Может, и стоило принять их в стаю, только мне оно как-то не по душе — раздавать место в стае налево и направо. Прежде, когда дар сам выбирал, кого взять, было лучше, честнее. Пусть сначала заслужат право стать сноульверами, а не просто запросятся в хирд. Они, конечно, воины добрые, славные, но мои волки тоже не уголь жевали.

С такими думами я дошел до гавани. А там, возле «Сокола», меня дожидался человек. Ну как меня… хёвдинга снежных волков. Об этом мне доложил Милий, едва я ступил на борт:

— Это купец здешний. Услыхал о нашем товаре и пришел с утра пораньше.

— Всего один? — поморщился я.

— Зато первый! Другие тоже придут, но к вечеру или через день-два, а этот сразу примчался. Скорее всего, есть у него какая-то нужда. А если есть нужда, он и заплатит побольше.

— Ладно. Зови его тогда. И… — я обшарил взглядом корабль.

— Феликс и Рысь здесь, ждут тебя, — понятливо сообщил Милий.

Бу-бу-бу купец, бу-бу-бу три лавки, бу-бу-бу годрландский товар сами возим, но, уж так и быть, пришел глянуть, вдруг что любопытное найдется. А почему груз на нордском драккаре? На торговцев мы не похожи. И у корабля уж слишком знакомая фигура на носу, что-то он слышал о драккаре с птичьей головой. Впрочем, давайте побеседуем о товаре…

Ну не лежала у меня душа к торговле. Хорошо, что есть хирдманы, которым это в охотку.

Так что я почти не слушал их разговоры, к тому же Милий, заметив скуку на моем лице, перестал пересказывать все живичские слова подряд, отвечал сам и говорил мне лишь самое важное. Потом купец захотел посмотреть на товар. Оружие и доспехи его заинтересовали больше всего, на ткани он глянул лишь раз, и снова воротился к железу.
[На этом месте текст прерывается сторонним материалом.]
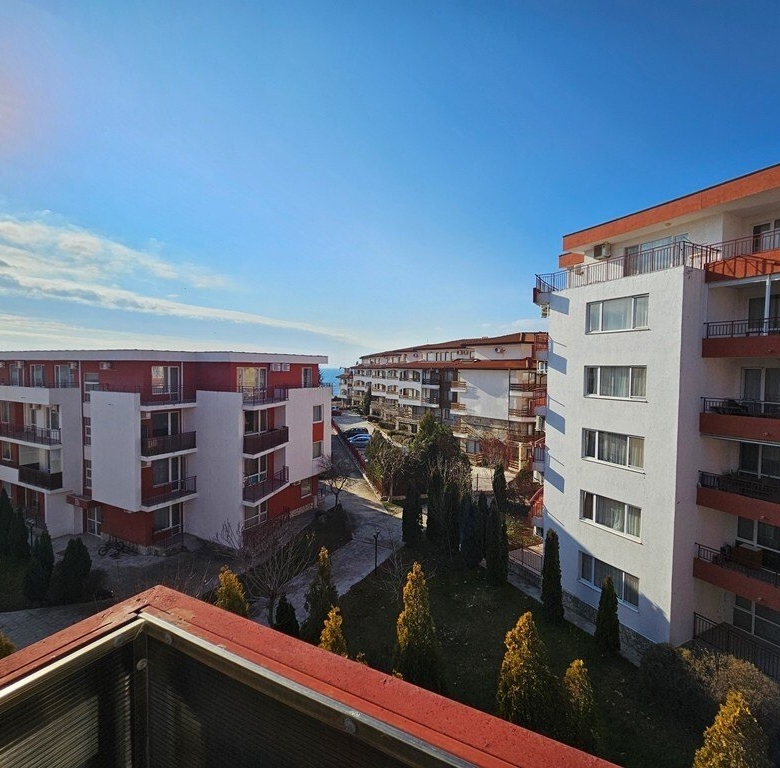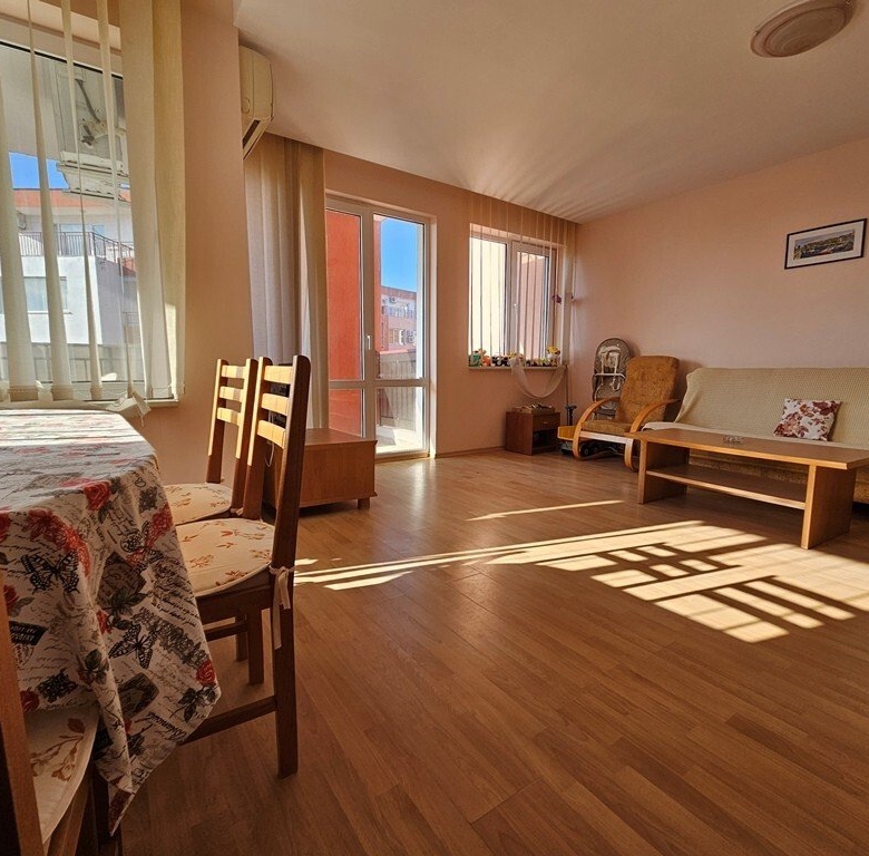 Spacious, fully furnished and equipped resale apartment with two bedrooms on the third floor of the Privilege Fort Beach complex in Elenite, just 150 meters from the quiet Robinson Beach. The total area of the apartment is 124.70 square meters. The apartment is located only 150 meters from the beach.
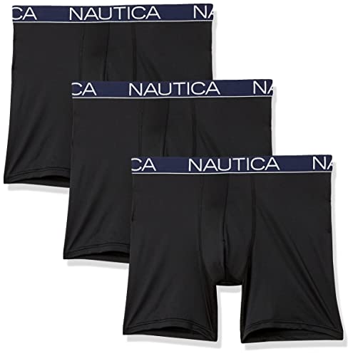 Nautica Men's Stretch Light Weight Mesh 3 Pack Boxer Brief, Black, Medium
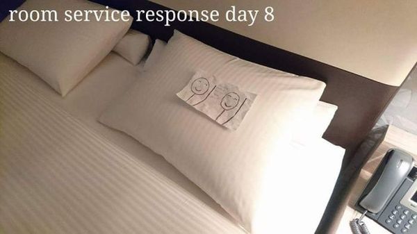 Автор этих снимков часто ездит в командировки, где живет в гостиницах. Его хобби - оставлять в номере перед своим уходом всякого рода фигуры из подручных средств для горничной. В большинстве случае горничные просто выполняли свою работу, но во время пребывания в одной из гостиниц Баку горничная стала оставлять свои ответы.
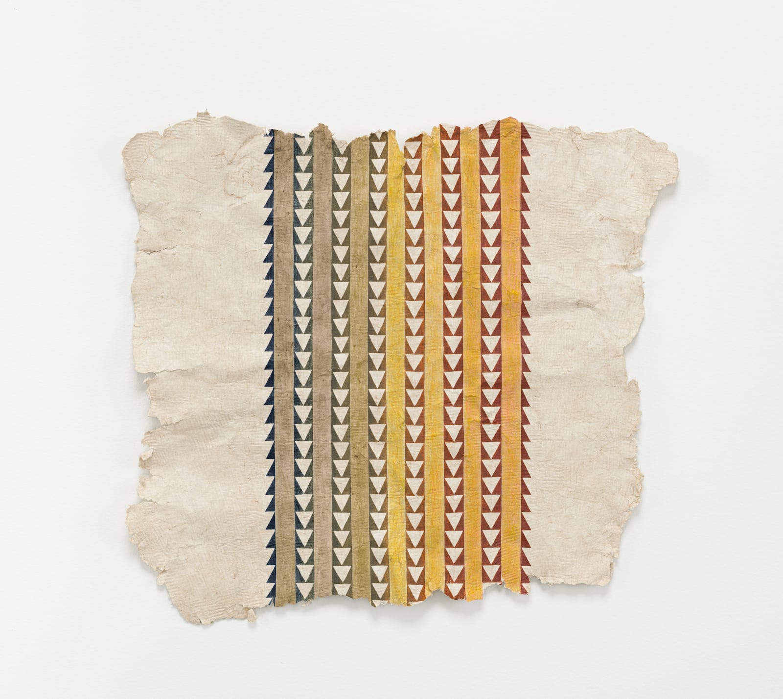 The final section of the show features five works by Lehuauakea, a Native Hawaiian artist living in Seattle and, at 26, the youngest in the show’s line-up. Their work centers on kapa, a cloth handmade from mulberry fiber that’s used in Native Hawaiian practices and rituals, from birth to death. "Mele o Nā Kaukani Wai (Song of a Thousand Waters)" (2018), a roughly 11 by 8-foot work made from swathes of kapa that have been stitched together and painted and stamped with traditional patterns in plant dyes and mineral pigments, drapes the expanse of one wall. Its surface forms a mountainous terrain, like an animal hide or a map that traces mythologies and storylines through lifetimes. This centerpiece also served as Lehuauakea's thesis project at art school, propelling them through graduation and into life as a practicing artist.
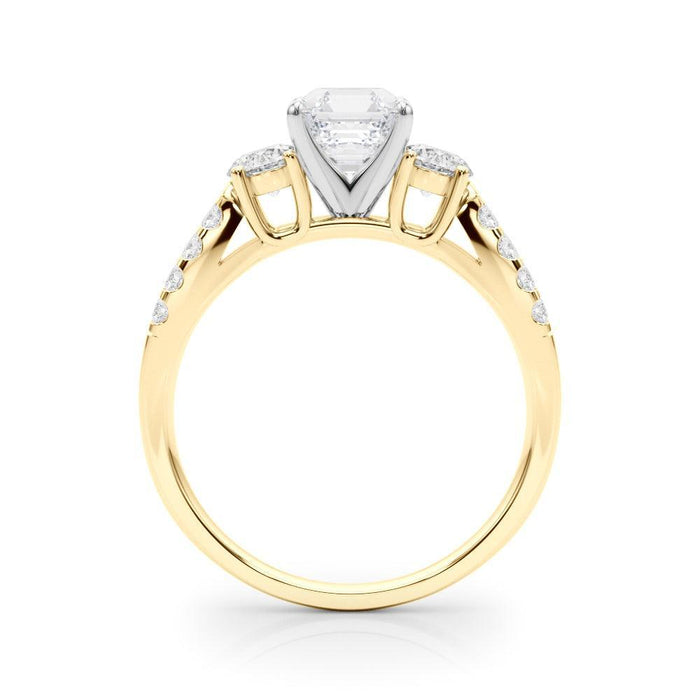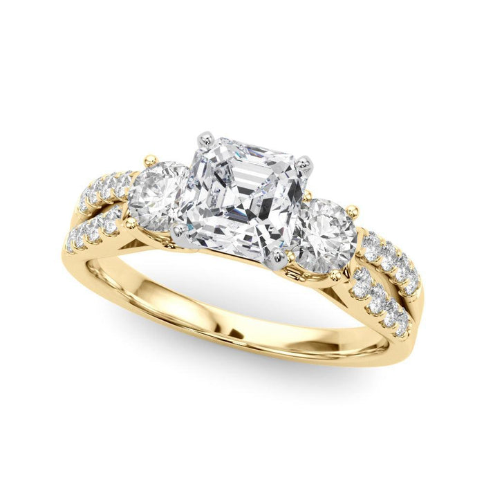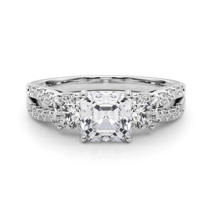 Experience the beauty of the Tracy 3 Stone Setting. Its exquisite gold or platinum band is masterfully crafted with 1/2 carat lab diamonds of F-G color and VS-SI clarity, making the piece sparkle like never before. With a split shank for added beauty, it's a stunning piece of jewelry you'll treasure forever!
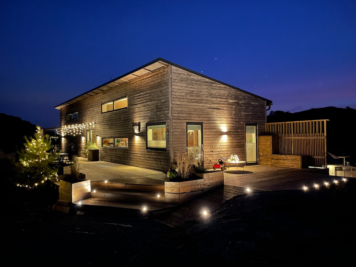 Villa Hällene ist ein modernes Holzhaus, direkt neben dem bekannten Pilane Skulpturenpark in urwüchsiger Felslandschaft gelegen. Das Haus ist hell und offen und von einer großen Holzterrasse mit Ess- und Sonnenplätzen und einer Sauna umgeben. Das Haus hat einen offenen Koch-, Ess- und Wohnbereich, der bis unter das Dach geöffnet ist. Auf einer Galerie im ersten Stock befindet sich ein zweiter großer Wohnraum. Bis zum nächsten Badeplatz sind es 10 Minuten mit dem Fahrrad (im Haus vorhanden).
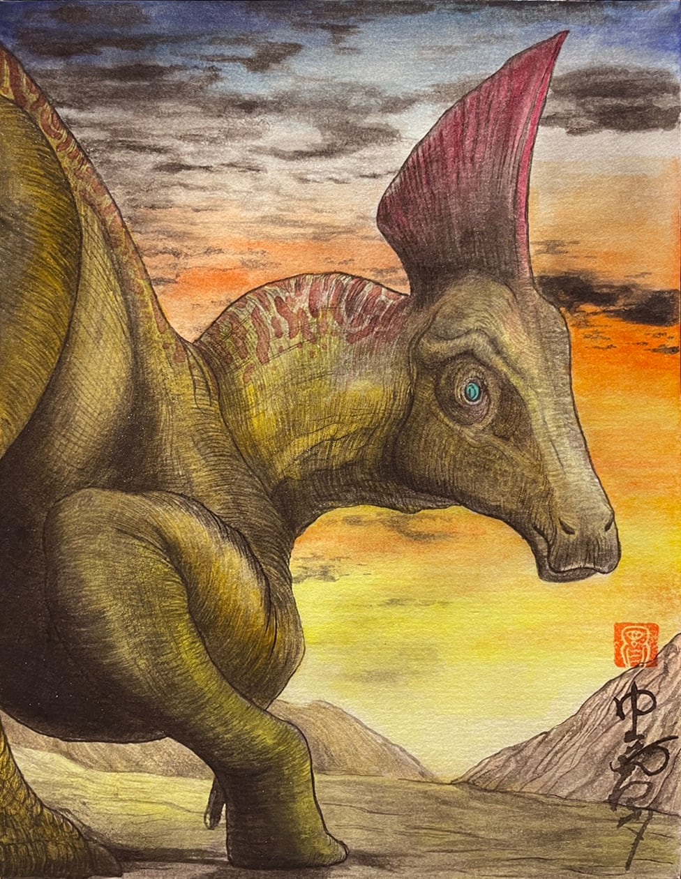日が沈む最中夕闇に照らされた オロロティタンが、こちらに振り返るように視線を向ける。
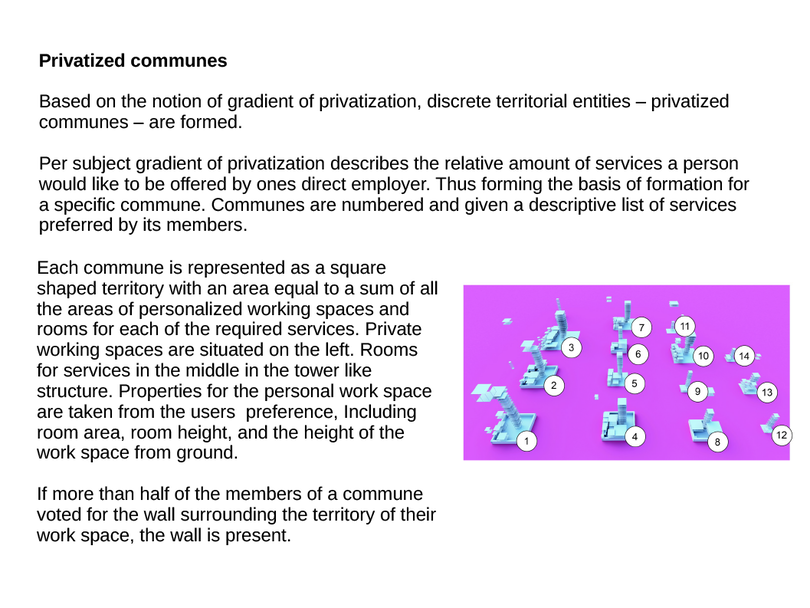 An artistic experiment by Komar and Melamid, Painting by Numbers (Komar, Melamid 1997), manifests an artistic technique that used a polling mechanism to construct artistic imagery. In their study, they collected data about preferences in painting to devise the most beautiful painting. Using accumulated data and relevant means in specific attributes, they compiled the most popular elements to create paintings. In my practice, I also use data to generate imagery but, instead of using statistical averages, I interpret data in ways that consider every individual separately. This means that generalisation does not exclude individual profiles, but rather groups form by relative distance in data space. Also, beauty is not my primary interest, but rather social conditions. The special properties of working spaces in Privatized Communes are personal preferences. In providing spatial representations, I use a combination of collected data and generative algorithms, specifically an algorithm that uses random numbers and instructions about placement logic to generate the layout of the rooms in a group. My practice to explore social structures therefore incorporates formalist generative techniques such as those explored by Manfred Mohr (Keiner 1994) or Sol LeWitt and others.
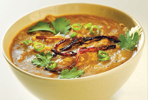 Haleem is basically a spicy lentil soup, very popular in Bangladesh. Haleem is made of wheat, barley, meat (usually minced meat of beef or mutton), different types of lentils, spices, and sometimes rice is also used. This dish is slow-cooked for seven to eight hours, which results in a paste-like consistency, blending the flavors of spices, meat, barley, and wheat.

Феликс догадался взять меч, махнул им так и сяк, показывая ровность и заточку лезвия, заодно рассказал, как этот меч называется и до какой руны сгодится.

Я понял, что парни справятся и без меня. Цены в Холмграде они знают лучше моего, так что разберутся сами. К тому же на причале показался Хальфсен, он должен был разузнать про ладьи, и вот это было куда интереснее.

— Нету ладей, — развел он руками.

— Как «нету»? Совсем? — удивился я.

Холмград славился кораблестроением. Каждый год годрландские, сарапские и прочие купцы с юга, что хотели поторговать на севере, приходили сюда на тяжелых громоздких судах, пересаживались на легкие ладьи и дальше шли на них. Сейчас весна, лед на реках едва сошел, и торговцы только-только начинают прибывать в Холмград. Так почему же сейчас нет свободных ладей? К тому же я ведь хочу выкупить ладью полностью, а не взять на одно лето.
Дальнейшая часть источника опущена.